The American Association of Hip and Knee Surgeons (AAHKS) has released the following statement in response to the Centers for Medicare and Medicaid Services’ (CMS) proposed cuts to reimbursement for total joint arthroplasty:
On August 4, the Centers for Medicare & Medicaid Services (CMS) released the Physician Fee Schedule proposed rule for the 2021 calendar year. The proposal significantly impacts hip and knee surgeons and their health care professional teams by devaluing the procedures they perform which help return patients suffering from joint disease to productive, pain-free lives.
AAHKS is disappointed that CMS chose to accept the recommendations of the American Medical Association’s Relative Value Scale Update Committee (RUC) to reduce the relative value units (RVU) that CMS will use to measure the value of total joint arthroplasty. The RUC recommendations reduce the RVU by a little more than one unit.

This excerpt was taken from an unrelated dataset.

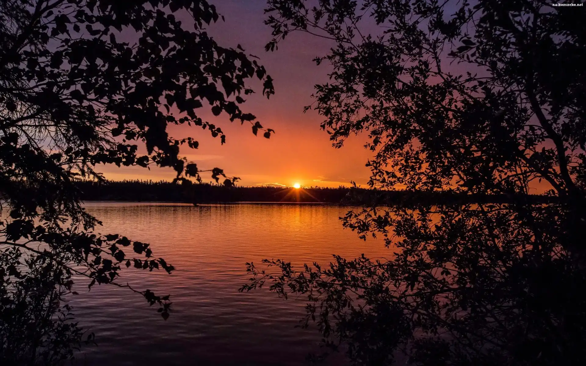 Jezioro, Gałęzie drzew, Zachód słońca, Las na Komórkę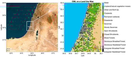 Here, we have focused on the larger Tel Aviv Metropolitan area, including the city of Netanya in the north and Ashdod in the south (Figure 1, 34.6–35.3E, 31.6–32.58N). Most of the study area is a low plain lying between the Mediterranean Sea in the west and the Judea–Samaria mountains to the east. This region is characterized by different LCs such as: urban areas, vegetation, agriculture, highways, airports, and industrial areas, etc. The proximity to the sea has a significant impact on the humidity values, which are often high next to the coastline and decrease eastward. Weather stations located close to the sea usually show high absolute humidity values that may represent a very small area on seashore and thus are not suitable for comparison with the links that are inland. Large differences were observed at stations that are located 5 km or further from the coastline (Figure S1). This might be related to local factors such as land cover.

This will hit surgeons and their practices especially hard at a time when many are struggling to recover after being shut down due to the COVID-19 pandemic. CMS and the U.S. Department of Health and Human Services are stretching their legal authority to ease regulatory burdens and deliver billions of dollars in health provider relief with one hand and cutting physician payments with the other.
The RUC review was triggered by a commercial insurance company that exploited the CMS public nomination process for potentially misvalued codes, possibly to drive down reimbursement to their contracted physicians who are paid a percentage of Medicare rates. The RUC’s evaluation of these codes noted a reduction in physicians’ post-operative time due to emerging efficiencies under value-based care arrangements, but did not recognize corresponding increases in physicians’ pre-operative time which has successfully improved clinical outcomes for hip and knee replacement patients.
“If these Medicare cuts are finalized, it sends a strong signal: when providers in the vanguard of value-based care begin to achieve some efficiencies in the delivery of care, CMS will use those positive developments as a justification to cut Medicare fee-for-service reimbursement regardless of the extra work that goes into achieving these outcomes,” said C. Lowry Barnes, MD, AAHKS President.
CMS has acknowledged that the time surgeons spend before surgery with Medicare patients is not currently accounted for. “AAHKS is deeply disappointed that the AMA RUC and CMS, despite our extensive advocacy efforts over the last 21 months, chose not to give us credit for the pre-optimization work that they acknowledged is being done by our surgeons. We will continue to work with them to facilitate a mechanism by which this critically-important work can be incorporated into their methodologies,” said James I. Huddleston III, MD, AAHKS Advocacy Committee Chair.
AAHKS continues to place a high priority on its research and advocacy agenda and looks forward to working with CMS as well as our allies in Congress to correct this issue.
[Source(s): American Association of Hip and Knee Surgeons, PRWeb]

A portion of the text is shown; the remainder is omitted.